Он вручил небольшой пергаментный свиток и встал у огня, ковыряя прыщ на щеке.
Джанкарло развернул пергамент и быстро просмотрел список вопросов. Все они имели отношение к минутам казни — тем важнейшим мгновениям, когда встретились жизнь и смерть.
— Поблагодари своего хозяина. Не хочешь ли выпить с нами вина?
— Лучше не стану. — Юнец подавил зевоту. — Он не любит, когда я отсутствую слишком долго. — Прыщавый побрел к двери, но потом обернулся: — Я могу передать ему, когда конкретно вы получите сведения?
— Скоро, — ответил архиепископ, глядя на Генриха. — Думаю, что очень скоро.
— А! Он будет доволен. — Юнец мимолетно улыбнулся, а потом снова зевнул и ушел.
Чибо протянул свиток своему телохранителю:
— Вот то, что нам следует узнать.
Генрих прочел вопросы и, хмыкнув, сказал:
— Он не захочет отвечать нам.
— Как это было бы скучно, если бы он захотел этого сразу. — Джанкарло улыбнулся своему немцу: — Сломай его, Генрих. Сломай ему тело и душу.
— С удовольствием.
Генрих фон Золинген удалился. Братья слушали, как на лестнице, ведущей в подвал, затихают его мерные шаги.
* * *
Жан тоже услышал шаги, размеренные и неспешные, и понял: сейчас начнется. Как ни странно, он был даже рад. В течение пяти дней ожидания с ним оставались только его сожаления. Они впивались в его разум больнее, чем веревки — в щиколотки и запястья, обжигали горло желчью, и эта желчь была даже отвратительнее, чем та похлебка, которую в него вливали два раза в день. Бесполезные сожаления — они леденили его сердце сильнее, чем сырой камень выстуживал его тело. И вот теперь он наконец покинет лимб и попадет в ад. Хотя в детстве священники постоянно запугивали его картинами вечного пламени, ожидающего грешников, Жану оно всегда представлялось предпочтительнее того бесконечного «Ничто», которое уготовано ничтожествам, ничего не сделавшим в течение всей своей жизни, ни хорошего, ни дурного. Возможно, он искупит свою вину тем, как встретит ближайшие часы.
За толстой дубовой дверью раздались голоса, потом в скважине заскрежетал ключ.
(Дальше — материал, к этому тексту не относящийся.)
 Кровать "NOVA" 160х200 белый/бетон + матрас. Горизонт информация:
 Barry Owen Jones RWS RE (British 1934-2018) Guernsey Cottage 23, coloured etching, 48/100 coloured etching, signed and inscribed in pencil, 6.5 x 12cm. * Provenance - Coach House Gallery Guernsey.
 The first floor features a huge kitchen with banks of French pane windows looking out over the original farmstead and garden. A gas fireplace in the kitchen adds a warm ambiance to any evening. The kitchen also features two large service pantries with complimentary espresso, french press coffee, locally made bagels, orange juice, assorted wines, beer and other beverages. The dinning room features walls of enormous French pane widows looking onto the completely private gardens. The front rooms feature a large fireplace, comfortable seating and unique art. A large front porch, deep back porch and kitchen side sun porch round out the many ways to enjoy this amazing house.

Когда дверь распахнулась, Жан заморгал и отвернулся. Он не закрывал глаза, но устремил взгляд вниз, чтобы постепенно привыкать к свету. В полной тьме камеры даже слабое пламя фонаря казалось ярким, как солнечный свет на сверкающей поверхности моря.
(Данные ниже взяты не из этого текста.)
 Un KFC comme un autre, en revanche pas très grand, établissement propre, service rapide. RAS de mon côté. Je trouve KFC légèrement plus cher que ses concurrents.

Фонарь был поставлен на пол, а рядом с ним установили жаровню, принесенную из-за двери. Немного привыкнув к свету, Жан посмотрел на своих тюремщиков. Это были те двое, что кормили его каждый день: рослые, мускулистые животные с неизменной щетиной и сломанными носами, характерными для тосканцев. А с ними пришел Генрих фон Золинген. На его лице, представлявшем сплошную рану, ярко горели глаза, словно он предвкушал возможность заняться любимым делом.
* * *
Генрих опустил на пол мешок, и там зазвенел металл. Повернувшись к Жану, баварец раздвинул останки губ в неком подобии улыбки. С них слетел шепот:
— Я собираюсь тебя уничтожить, француз.
— Попробуй, урод.
Последнее слово было произнесено негромко и спокойно, почти небрежно. В тоне Жана не было и намека на оскорбление — и именно эта простота вызвала наиболее острую реакцию. Немец с силой ударил Жана сапогом в лицо. Хотя Жан и был связан, он все-таки смог уклониться так, что удар пришелся в плечо, поверх синяков и ссадин, полученных во время избиений в Мюнстере. По его телу разлилась мучительная боль. Однако вместе с болью он испытал чувство торжества. Теперь он мог сказать, каким пыточных дел мастером будет Генрих фон Золинген. Злобным. Спокойные палачи действуют более эффективно. А злоба — это оружие, которое можно направить на того, кто ее испытывает. И поскольку другого оружия у Жана не было, он с радостью ухватился за это.
— Привяжите его к стене! — крикнул Генрих.
Его помощники схватили Жана, освободили ему руки и, растянув их, привязали к железным кольцам, закрепленным в камнях стены. Раньше к этим кольцам подвешивали мешки с продуктами, защищая их от крыс. Жану растянули и ноги, обвязав щиколотки веревками и закрепив их на двух тяжелых бочках.
— Разденьте! — прозвучал новый приказ. С пленника сдернули жалкие тряпицы, которые прикрывали его с момента заточения в мюнстерском подземелье.
— Начнем снизу или сверху? Или с середины? У тебя есть какие-нибудь предпочтения, француз?
Голос мучителя чуть дрожал, противореча нарочитому спокойствию вопросов.
«Этому человеку трудно с собой справляться», — подумал Жан. Однако он не стал отвечать. Ему уже стало ясно, что слова — это лезвия, которыми он может ранить. Но они не затупятся только в том случае, если он будет использовать их редко.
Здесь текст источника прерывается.